« Qu’est-ce que je regarde ? »

… pourrait être le nom de ce blog, à tout le moins la question inaudible qui le traverse.
D’abord parce qu’elle s’applique à toute expérience de l’image, dans le sens sympathique de l’interrogation et de l’énigme : que dois-je, qu’est-ce que je choisis de regarder, ou qu’est-ce qui saisit mon regard – dans et par cette image ?
Quel élément, quel motif… ? Par quelle entrée, selon quel trajet ? Quelle interrelation de forme à forme ? Une forme ou bien la structure sous la forme ? Les formes ou les creux, les plis, les vides entre les formes ? etc.
Cette question se pose pour toute proposition architecturée du regard et ainsi de tout objet filmique, et se superpose à sa réception : figure, raccord, représentation, signification, détail, figural… sont les mots (les reformulations, les traductions et les tentatives de mise en langage) de ce questionnement.
Ensuite cette question se pose comme le doute qui s’immisce, face à l’image qui peut à tout moment se révéler mirage. Question à l’endroit de cette présence qui manifeste l’absence (la représentation), de cette trace qui échappe (l’apparition), de cette apparence qui nie toute description (l’abstraction). Suspicion légitime lorsqu’elle semble vouloir révéler quelque chose, dé-couvrir une vérité recouverte, dé-voiler quelque savoir occulté, alors même qu’elle couvre l’objet qu’elle reproduit (tel un masque), et voile (oblique et filtre) le regard. Cette question se pose avec force alors même qu’on veut croire cet objet ambigu, croire à ce qu’il présente et à ce que nous voulons qu’il dise.
Croire alors même qu’il ne nous décrit rien, ne nous dit rien, sauf « je suis une image », tandis que l’on voudrait y voir une chose, une preuve, un discours.

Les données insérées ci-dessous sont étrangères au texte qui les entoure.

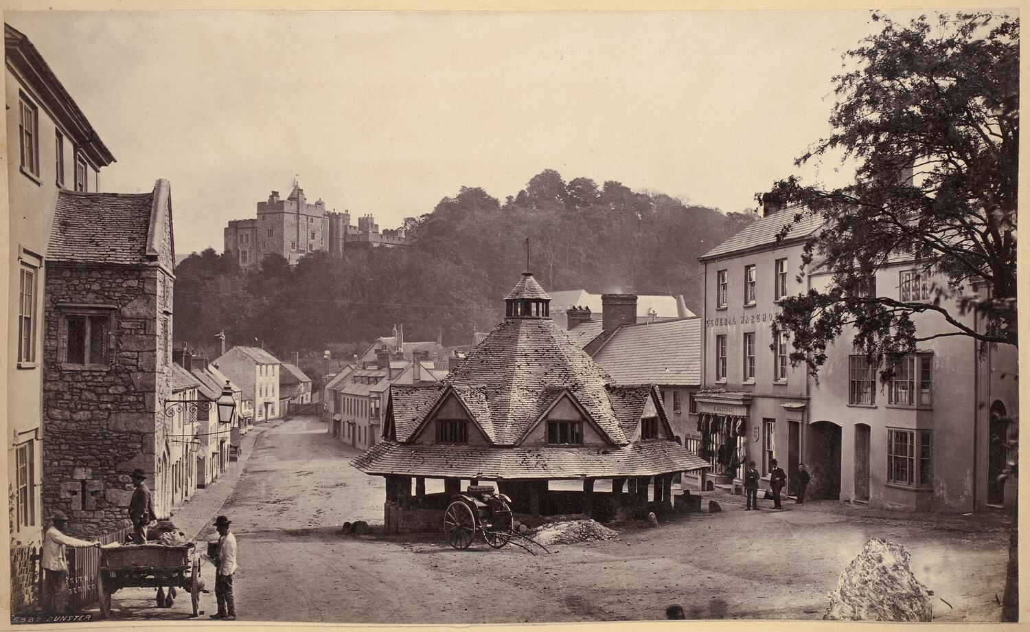 Photograph of a rotunda in the main street of Dunster, England with a Castle in the distance. The rutunder was previoulsy used to house a local yarn market. Three men can be seen on the left standing around a horse and cart whilst another three men are standing to the right in front of a building called 'GENERAL WAREHOUSE'. Photograph taken by Francis Frith, circa 1870.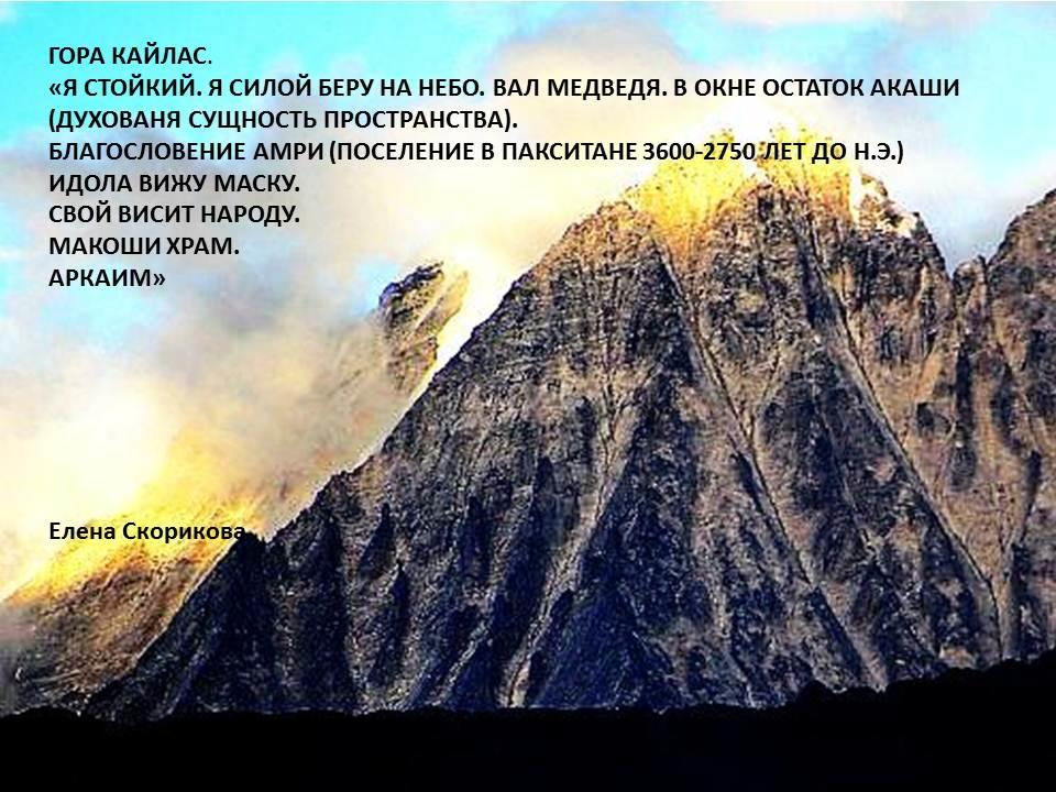 Духовный центр мира, находящий в Шамбале, по мнению жены Николая Константиновича Рериха Елены Ивановны Рерих, в будущем должен переместиться в Россию. Россия должна стать тем пространством, где духовное и материальное максимально сблизятся, и благодаря своему особому духовному пути, Россия обретет возможность стать новой Шамбалой» (https://zen.yandex.ru/media/zeitgeist/zachem-na-samom-dele-iskali-i-iscut-shambalu). Кажется, такой процесс уже идёт. Всё больше встречаю людей, прочитавших книги этих замечательных россиян, советую сделать это всем. Особенно, если эти же знания даны нам Высшими (Божественными) существами на самой планете Земля надписями и портретами по всей её поверхности. Напоследок, раз речь пошла о Шамбале, находящейся, по легендам, в районе Кайласа, приведу текст с его скал: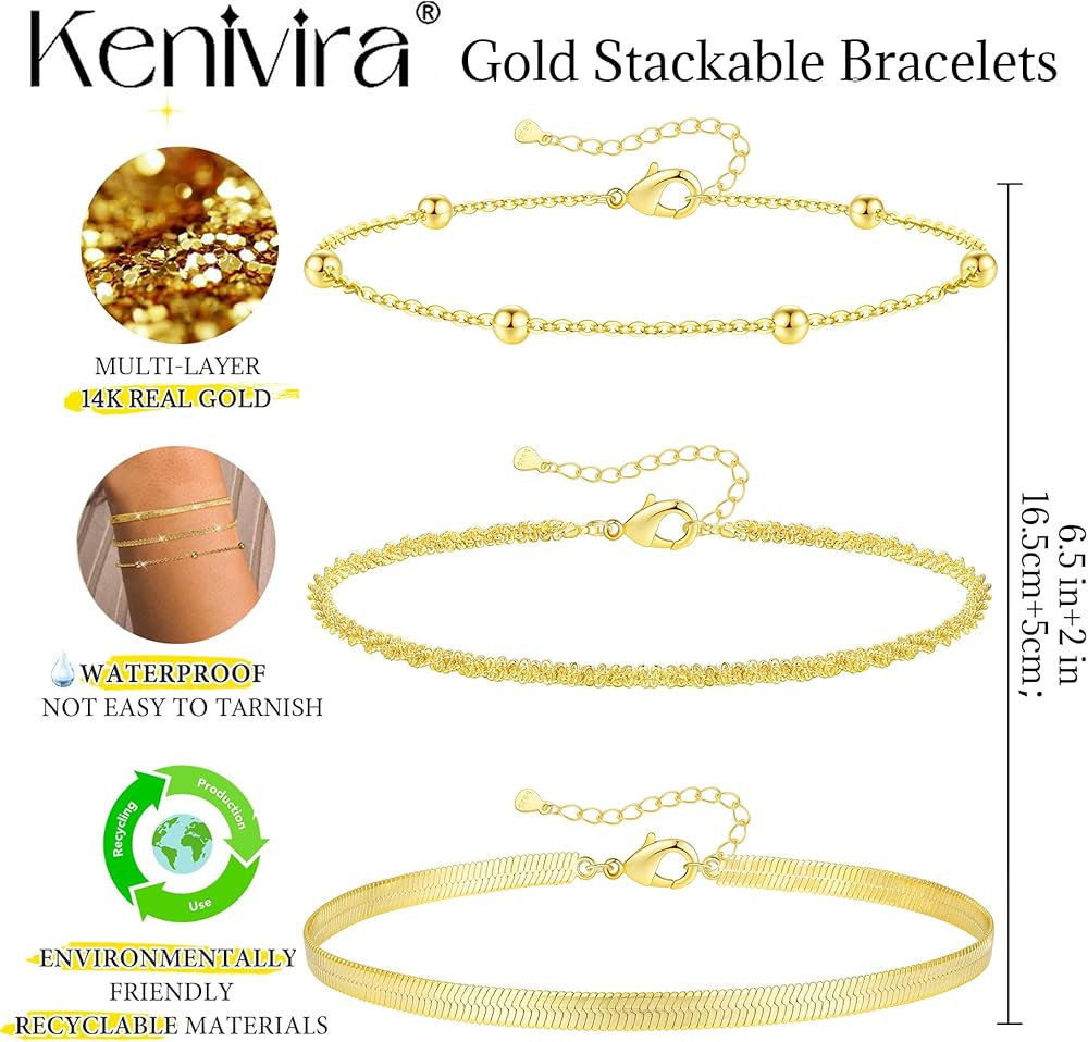 ❤أساور مطلية بالذهب عيار 14 قيراط❤ أساور كينيفيرا الذهبية مصنوعة من خرز نحاسي عالي الجودة مع طلاء ذهب عيار 14 قيراط ومربوطة معًا بشريط مطاطي. القلادة الأولية مطلية أيضًا بالذهب عيار 14 قيراطًا من أجل المتانة والتشويه.

Enfin cette question se pose depuis peu comme examen, comme mise en question : nécessité inédite face à cet objet ubique et multiple qu’est l’image devenue numérique – un objet répliqué. Les images non-numériques c’est-à-dire non issues de synthèse (le cinéma, l’art vidéo, la photographie, la peinture…) ont été transmuées de matière à masse (de chiffres et de lettres), en agrégat d’informations (encodées et compressées, décodées et traduites). La réplication en tant que processus biologique, c’est la re-production d’un gène à partir de sa moitié (séparée puis dupliquée) reconstituant l’original. Autrement dit la reconstruction d’un objet intégral à partir d’un objet partiel.
L’œuvre d’art à l’ère de sa réplication technique : l’objet reproduit non plus à partir de lui-même mais à partir de parties de lui. Est-ce qu’il reste le même en sautant de support en support, en passant de medium en medium, converti de format en format ? Qu’est-ce qui se joue par cette opération de transformation d’objet à processus ? Où se situe son origine et qu’est-ce qui la constitue ? Quelle mutation subit sa chair, et quelle possibilité d’incarnation dans la retranscription ?
La multiplicité est devenue duplicité : la reproductibilité n’est désormais plus garante de conservation substantielle ; ni même (la volatilité des supports et la variabilité des protocoles de décodages n’assurant pas sa relecture) de conservation mémorielle.
« Qu’est-ce que je regarde ? », (l’objet substitué du regard), c’est interroger encore et à jamais l’épreuve de l’image, ses modalités d’existence qui seront toujours contingentes, assujetties à ses conditions, suspendues in fine au regard.